PROBLEM DESCRIPTION: Copy the data that follows exactly as it is, excluding all pictures.

SUPPLIED INFORMATION:
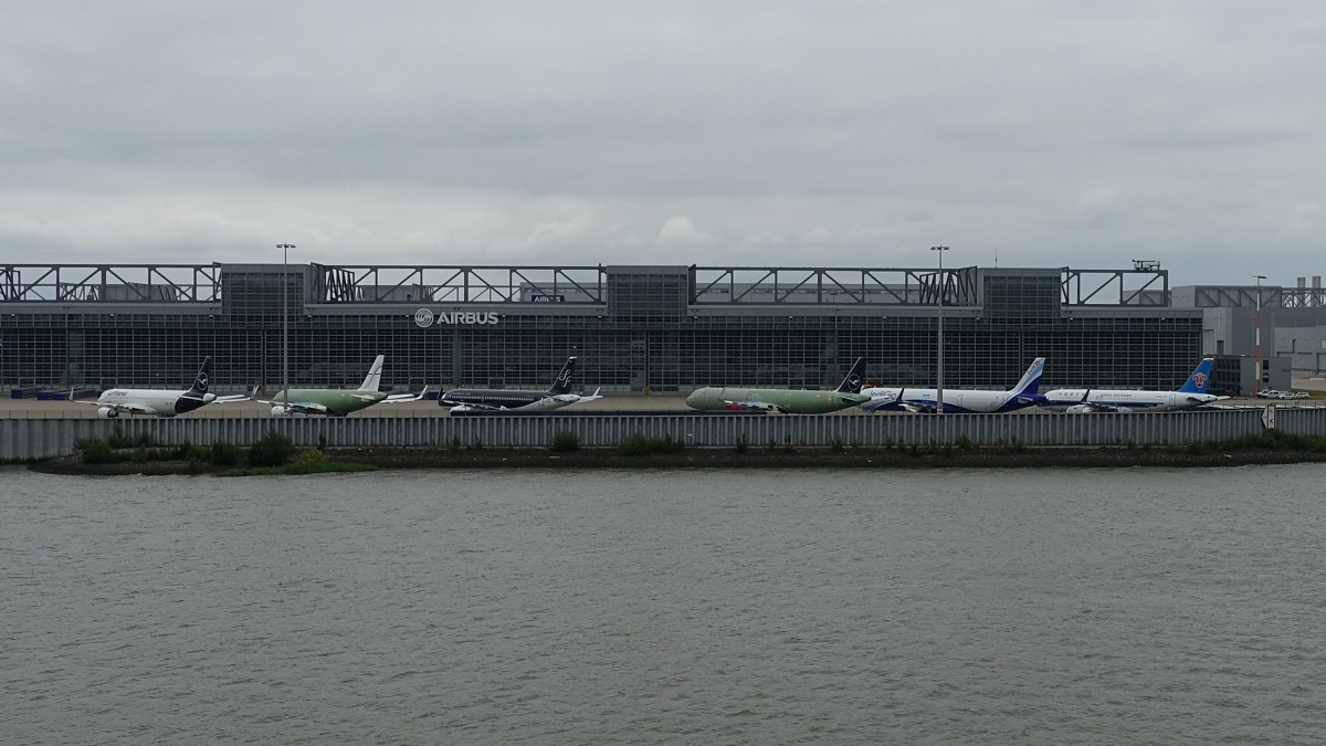 Hamburg am 14.7.2019: Blick von Bord der CAP SAN DIEGO auf das Airbus Werksgelände /
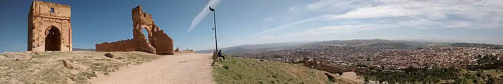 The hillsides around the tombs (mostly to the north and east) are still occupied by the sprawling Bab Guissa Cemetery (named after the nearby city gate, Bab Guissa),[11] though the graves visible today are likely much more recent. Today the site is well-known as a lookout with panoramic views over the old city of Fez, popular at sunset, and often mentioned in guidebooks and tourist literature.[12] In addition to the views, it is also a notable place to hear the call to prayer (adhan) broadcasting simultaneously from all the mosques in the old city.[13]
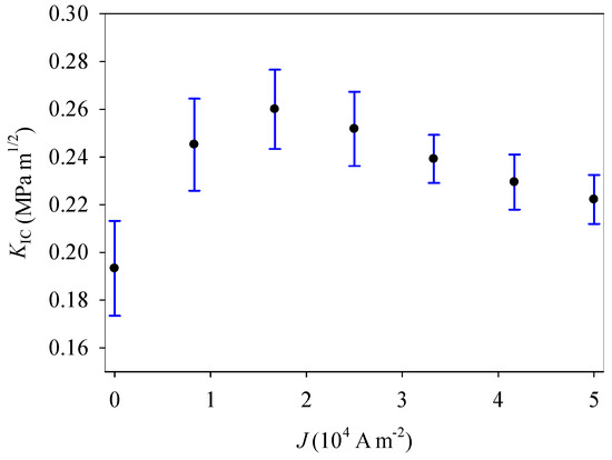 The relationship of KIC with the applied electric current density.

OUTPUT FOR THIS EXERCISE:
 Hamburg am 14.7.2019: Blick von Bord der CAP SAN DIEGO auf das Airbus Werksgelände /
 The hillsides around the tombs (mostly to the north and east) are still occupied by the sprawling Bab Guissa Cemetery (named after the nearby city gate, Bab Guissa),[11] though the graves visible today are likely much more recent. Today the site is well-known as a lookout with panoramic views over the old city of Fez, popular at sunset, and often mentioned in guidebooks and tourist literature.[12] In addition to the views, it is also a notable place to hear the call to prayer (adhan) broadcasting simultaneously from all the mosques in the old city.[13]
 The relationship of KIC with the applied electric current density.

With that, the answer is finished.